**WHAT IS REQUIRED**
Only one stretch of the data below is needed: the line with "4、专注模式通过段落聚焦屏蔽干扰,提升写作效率和创作体验。" through the last line. Output it exactly and drop the pictures.

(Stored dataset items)
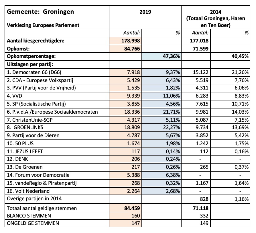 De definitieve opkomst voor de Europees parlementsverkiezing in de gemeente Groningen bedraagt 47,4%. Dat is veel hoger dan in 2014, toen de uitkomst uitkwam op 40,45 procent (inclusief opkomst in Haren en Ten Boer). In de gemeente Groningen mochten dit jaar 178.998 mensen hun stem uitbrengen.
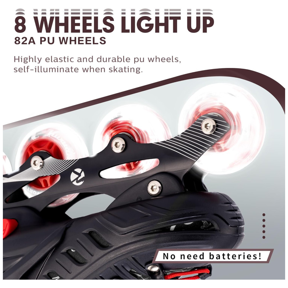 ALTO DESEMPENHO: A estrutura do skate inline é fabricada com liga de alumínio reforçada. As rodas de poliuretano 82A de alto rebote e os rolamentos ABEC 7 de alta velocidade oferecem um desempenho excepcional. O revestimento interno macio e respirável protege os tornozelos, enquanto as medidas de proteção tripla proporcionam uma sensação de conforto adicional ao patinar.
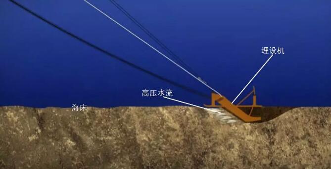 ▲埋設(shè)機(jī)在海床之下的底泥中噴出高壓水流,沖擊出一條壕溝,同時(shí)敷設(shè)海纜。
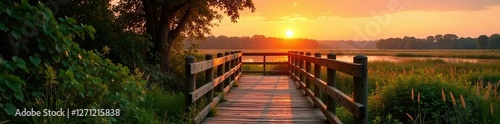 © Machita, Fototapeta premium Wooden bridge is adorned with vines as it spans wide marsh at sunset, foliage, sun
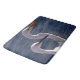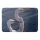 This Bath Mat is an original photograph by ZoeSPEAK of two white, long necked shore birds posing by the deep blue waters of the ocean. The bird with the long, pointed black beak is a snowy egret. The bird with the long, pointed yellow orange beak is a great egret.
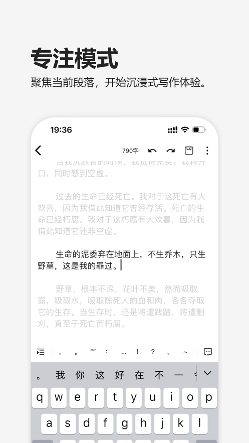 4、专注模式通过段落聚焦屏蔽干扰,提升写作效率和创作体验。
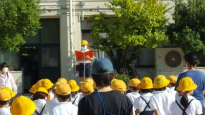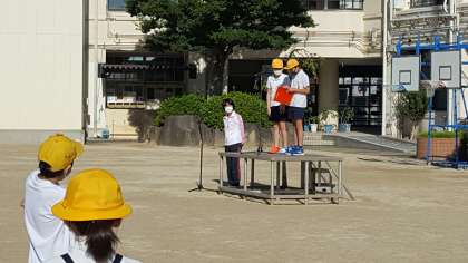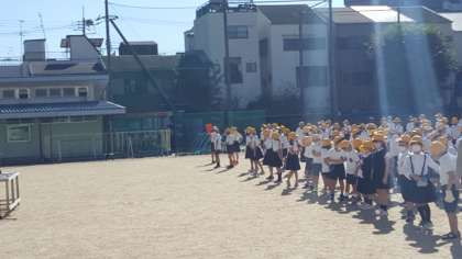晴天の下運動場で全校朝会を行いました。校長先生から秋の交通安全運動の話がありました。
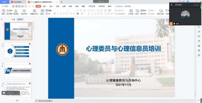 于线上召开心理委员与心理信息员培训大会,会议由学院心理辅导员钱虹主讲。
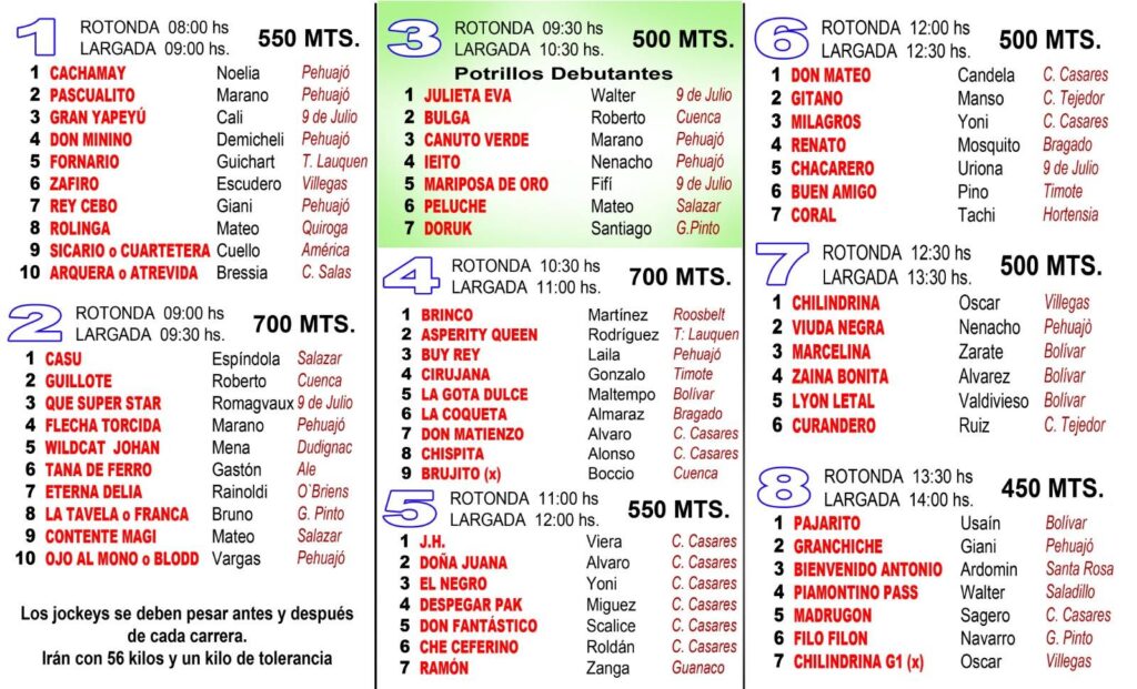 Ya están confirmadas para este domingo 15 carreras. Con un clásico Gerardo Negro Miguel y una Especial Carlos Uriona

**OUTPUT BELOW**
 4、专注模式通过段落聚焦屏蔽干扰,提升写作效率和创作体验。
晴天の下運動場で全校朝会を行いました。校長先生から秋の交通安全運動の話がありました。
 于线上召开心理委员与心理信息员培训大会,会议由学院心理辅导员钱虹主讲。
 Ya están confirmadas para este domingo 15 carreras. Con un clásico Gerardo Negro Miguel y una Especial Carlos Uriona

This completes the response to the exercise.